Other Activities to do in Cairns
As the adventure capital of Australia, exploring Cairns will bring a host of other activities you can do: Australia's only bungee jump platform and 50 metre swing with AJ Hackett, white water rafting on the Barron/Tully River's with Raging Thunder, the Tully river which is the highest grade river you can raft in Australia without a licence, canyoning in the Crystal Canyon or Behana Gorge, also with Raging Thunder, flyboarding in Cairns Marina, full day or half day APV driving around Cairns, fishing trips on both the Great Barrier Reef and Cairns Estuary, Kuranda Scenic Railway and Skyrail to Kuranda National Park, Kuranda Butterfly Sanctuary, Harleys Crocodile Park for some up-close encounters with crocs, aboriginal didgeridoo experiences in Tjapukai, skydives and hot air balloon rides in Cairns and Mission Beach, scenic flights over the Barrier Reef... There is no shortage of activities in Cairns!
Farmwork Around Cairns
Although Cairns is located in Far North Queensland, and surrounded by sugarcane fields, it's difficult to find farmwork in the city itself. For those searching for farmwork Cairns is a good base to meet similar people, but try heading north to the Daintree Rainforest, where you can work in the National Park for your second year visa. Heading into the Atherton Tablelands is also popular- bananas, avocados, apples, and potatoes are all harvested here. Bananas are year round, and always in demand as it's a hard physical job, while avocados are February to June, and usually a bit easier on the muscles. Tolga is another banana and sugar area, but avoid Tolga Country Lodge if at all possible- they've been under investigation since 2019. Finally, heading further south to Innisfail, there are plenty of banana farms around the town, and it's a popular hot spot for backpackers looking to complete their regional work. Papayas and other tropical fruits are also picked here, but be warned- the work isn't easy, and the hostels are nowhere near the quality of the hostels you'll find in the tourist areas of Aus!
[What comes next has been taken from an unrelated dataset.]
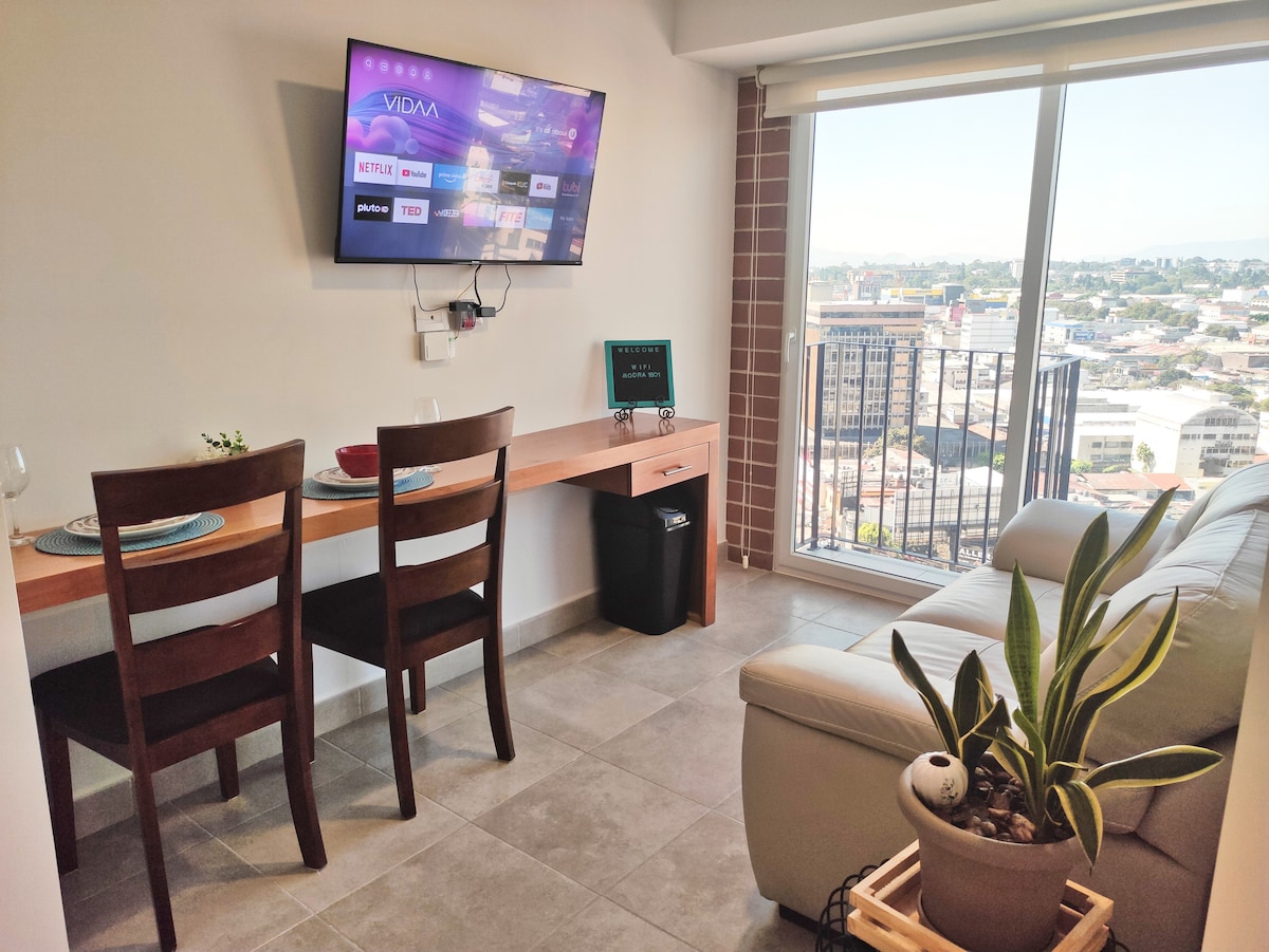 Feel the experience of staying in a brand new loft apartment in the beautiful country of Guatemala. Our apartment with modern, elegant touches that accompany an unparalleled view, provide calm and tranquility in one of the most exclusive areas of our country. You will have the opportunity to stay near shopping centers, restaurants, the hotel zone and a few minutes from the international airport.
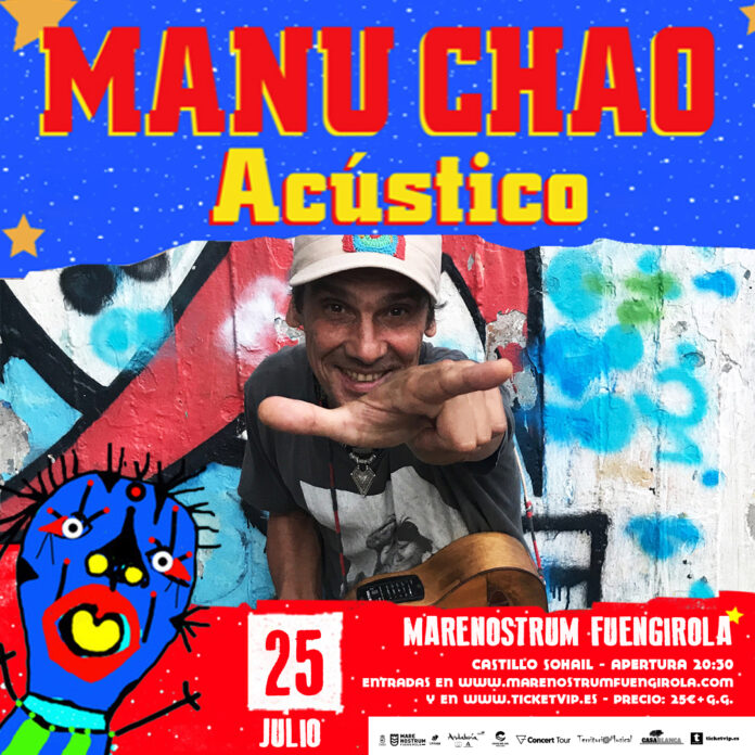 Marenostrum Fuengirola recibirá, el próximo 25 de julio, una de las actuaciones que Manu Chao realiza de forma esporádica. El recinto fuengiroleño será testigo del talento musical del artista a solas con su guitarra, en un formato acústico donde la sintonía con su público se hará visible dentro de escenario Fundación Unicaja / castillo Sohail. El cantante de origen franco español, que canta en multitud de idiomas, interpretará algunas de sus canciones más conocidas como “Me Gustas Tú” o “Bongo Bong”.

For a guide on how not to do your farmwork, you can read my story here.
Hints and Tips for Cairns
Buy tours as a package- there are so many things to do in Cairns, that companies often group the tours together at a slight discount. So if you know what you want to do, book them all together! They can normally be left open-dated if you plan on waiting a while.
Work for accommodation- if you're planning on finding a job, or waiting a few weeks in Cairns, hostels are always looking for staff to work for accommodation. Personally, I recommend Globetrotters, but I'm slightly biased ;)
Plan on visiting the Tablelands/Cape Tribulation? Rent a car and go as a group- it'll end up much cheaper, you'll have much more freedom, the only thing you'll miss is the information a guide provides.
Uber/Get hostel bus to the airport- much cheaper than a taxi, coming in around $10 instead of $30.
Looking to become a dive master? Dive boats often look for people to work on board in exchange for 2-3 scuba dives a day.
Rusty’s food market is open most mornings- well worth checking out, and the vendors drop their prices around 1 pm- they don't want to throw their fruit out!
There are meal deals everywhere- just ask around and you'll be amazed at the discount vouchers you can find.
If someone approaches you on the street- chances are they're trying to sell you something-it always pays to shop around in Cairns.